TASK DESCRIPTION: From the top of the entries below through the line containing "एसक्यूएल अभ्यास भी", return every line exactly as written, please, and stop there.

PROVIDED RECORDS:
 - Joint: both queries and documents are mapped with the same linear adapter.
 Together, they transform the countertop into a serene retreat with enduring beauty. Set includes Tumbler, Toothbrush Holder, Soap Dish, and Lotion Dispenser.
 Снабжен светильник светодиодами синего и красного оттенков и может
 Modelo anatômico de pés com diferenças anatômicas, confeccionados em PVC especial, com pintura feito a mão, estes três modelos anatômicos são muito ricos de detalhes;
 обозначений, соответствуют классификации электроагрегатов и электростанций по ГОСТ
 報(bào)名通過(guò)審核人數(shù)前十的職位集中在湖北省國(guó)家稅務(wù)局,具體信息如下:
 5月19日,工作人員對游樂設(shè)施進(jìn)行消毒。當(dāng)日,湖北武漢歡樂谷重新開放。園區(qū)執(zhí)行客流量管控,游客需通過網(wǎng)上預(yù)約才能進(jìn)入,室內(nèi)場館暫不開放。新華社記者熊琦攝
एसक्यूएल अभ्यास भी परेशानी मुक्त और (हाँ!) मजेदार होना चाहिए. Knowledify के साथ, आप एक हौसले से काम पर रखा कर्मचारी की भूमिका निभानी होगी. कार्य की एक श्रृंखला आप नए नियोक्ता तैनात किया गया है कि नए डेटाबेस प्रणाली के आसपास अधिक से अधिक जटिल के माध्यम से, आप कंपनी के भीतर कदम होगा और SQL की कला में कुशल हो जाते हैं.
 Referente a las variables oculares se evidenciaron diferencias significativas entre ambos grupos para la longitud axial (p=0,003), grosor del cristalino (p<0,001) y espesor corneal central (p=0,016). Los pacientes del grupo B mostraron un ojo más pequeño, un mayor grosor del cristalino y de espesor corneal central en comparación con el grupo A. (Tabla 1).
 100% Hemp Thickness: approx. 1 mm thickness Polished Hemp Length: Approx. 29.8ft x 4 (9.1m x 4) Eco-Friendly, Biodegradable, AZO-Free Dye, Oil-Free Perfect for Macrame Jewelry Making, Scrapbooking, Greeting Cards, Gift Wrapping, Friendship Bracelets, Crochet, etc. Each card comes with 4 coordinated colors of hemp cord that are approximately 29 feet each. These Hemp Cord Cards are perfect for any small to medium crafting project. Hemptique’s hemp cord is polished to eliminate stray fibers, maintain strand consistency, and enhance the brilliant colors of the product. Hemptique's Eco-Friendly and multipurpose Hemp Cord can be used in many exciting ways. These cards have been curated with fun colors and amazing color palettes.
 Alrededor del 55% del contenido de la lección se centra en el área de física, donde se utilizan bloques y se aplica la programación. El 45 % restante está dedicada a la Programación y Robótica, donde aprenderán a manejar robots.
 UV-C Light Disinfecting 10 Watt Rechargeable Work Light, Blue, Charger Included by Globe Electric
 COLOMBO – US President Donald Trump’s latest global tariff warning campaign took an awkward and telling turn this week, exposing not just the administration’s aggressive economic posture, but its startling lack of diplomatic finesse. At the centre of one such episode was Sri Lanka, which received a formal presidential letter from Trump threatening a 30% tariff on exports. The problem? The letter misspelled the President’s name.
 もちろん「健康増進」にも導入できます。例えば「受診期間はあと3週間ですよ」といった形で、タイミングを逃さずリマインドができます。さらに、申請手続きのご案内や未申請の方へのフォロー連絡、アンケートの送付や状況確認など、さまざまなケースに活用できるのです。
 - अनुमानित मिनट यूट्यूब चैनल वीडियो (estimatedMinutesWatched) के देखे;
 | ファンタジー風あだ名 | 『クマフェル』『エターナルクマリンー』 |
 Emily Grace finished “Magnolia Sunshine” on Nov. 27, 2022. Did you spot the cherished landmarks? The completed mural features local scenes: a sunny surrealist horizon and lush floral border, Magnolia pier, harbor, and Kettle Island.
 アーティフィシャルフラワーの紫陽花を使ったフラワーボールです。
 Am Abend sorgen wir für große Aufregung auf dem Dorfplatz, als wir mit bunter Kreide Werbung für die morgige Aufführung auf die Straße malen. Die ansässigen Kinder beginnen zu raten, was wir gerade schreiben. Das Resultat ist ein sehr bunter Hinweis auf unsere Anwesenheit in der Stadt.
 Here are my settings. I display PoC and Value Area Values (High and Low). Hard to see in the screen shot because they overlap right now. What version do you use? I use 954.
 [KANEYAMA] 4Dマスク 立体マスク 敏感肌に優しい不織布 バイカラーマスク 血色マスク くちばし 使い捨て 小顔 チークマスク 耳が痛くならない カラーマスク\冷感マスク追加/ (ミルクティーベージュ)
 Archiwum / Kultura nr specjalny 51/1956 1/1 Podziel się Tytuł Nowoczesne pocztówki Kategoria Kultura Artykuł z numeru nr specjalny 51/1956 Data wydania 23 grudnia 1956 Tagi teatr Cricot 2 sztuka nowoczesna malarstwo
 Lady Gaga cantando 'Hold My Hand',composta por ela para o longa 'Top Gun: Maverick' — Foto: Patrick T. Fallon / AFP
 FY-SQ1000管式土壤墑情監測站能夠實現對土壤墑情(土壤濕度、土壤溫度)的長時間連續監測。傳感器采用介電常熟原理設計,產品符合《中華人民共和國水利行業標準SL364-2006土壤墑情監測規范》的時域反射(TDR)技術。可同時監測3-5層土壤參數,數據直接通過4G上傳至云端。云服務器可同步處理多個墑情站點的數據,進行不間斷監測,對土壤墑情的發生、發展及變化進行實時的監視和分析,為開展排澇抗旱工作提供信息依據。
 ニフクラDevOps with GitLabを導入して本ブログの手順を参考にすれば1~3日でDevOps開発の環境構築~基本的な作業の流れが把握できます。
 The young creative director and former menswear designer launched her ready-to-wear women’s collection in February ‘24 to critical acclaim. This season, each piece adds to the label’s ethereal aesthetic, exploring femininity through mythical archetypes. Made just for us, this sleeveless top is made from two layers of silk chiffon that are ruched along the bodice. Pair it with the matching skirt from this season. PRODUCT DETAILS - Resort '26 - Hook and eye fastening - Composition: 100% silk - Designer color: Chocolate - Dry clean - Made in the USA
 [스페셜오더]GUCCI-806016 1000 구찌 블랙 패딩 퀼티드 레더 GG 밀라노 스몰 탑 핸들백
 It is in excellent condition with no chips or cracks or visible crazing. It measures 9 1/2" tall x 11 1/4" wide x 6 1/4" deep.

REPLY TO THE TASK:
 - Joint: both queries and documents are mapped with the same linear adapter.
 Together, they transform the countertop into a serene retreat with enduring beauty. Set includes Tumbler, Toothbrush Holder, Soap Dish, and Lotion Dispenser.
 Снабжен светильник светодиодами синего и красного оттенков и может
 Modelo anatômico de pés com diferenças anatômicas, confeccionados em PVC especial, com pintura feito a mão, estes três modelos anatômicos são muito ricos de detalhes;
 обозначений, соответствуют классификации электроагрегатов и электростанций по ГОСТ
 報(bào)名通過(guò)審核人數(shù)前十的職位集中在湖北省國(guó)家稅務(wù)局,具體信息如下:
 5月19日,工作人員對游樂設(shè)施進(jìn)行消毒。當(dāng)日,湖北武漢歡樂谷重新開放。園區(qū)執(zhí)行客流量管控,游客需通過網(wǎng)上預(yù)約才能進(jìn)入,室內(nèi)場館暫不開放。新華社記者熊琦攝
एसक्यूएल अभ्यास भी परेशानी मुक्त और (हाँ!) मजेदार होना चाहिए. Knowledify के साथ, आप एक हौसले से काम पर रखा कर्मचारी की भूमिका निभानी होगी. कार्य की एक श्रृंखला आप नए नियोक्ता तैनात किया गया है कि नए डेटाबेस प्रणाली के आसपास अधिक से अधिक जटिल के माध्यम से, आप कंपनी के भीतर कदम होगा और SQL की कला में कुशल हो जाते हैं.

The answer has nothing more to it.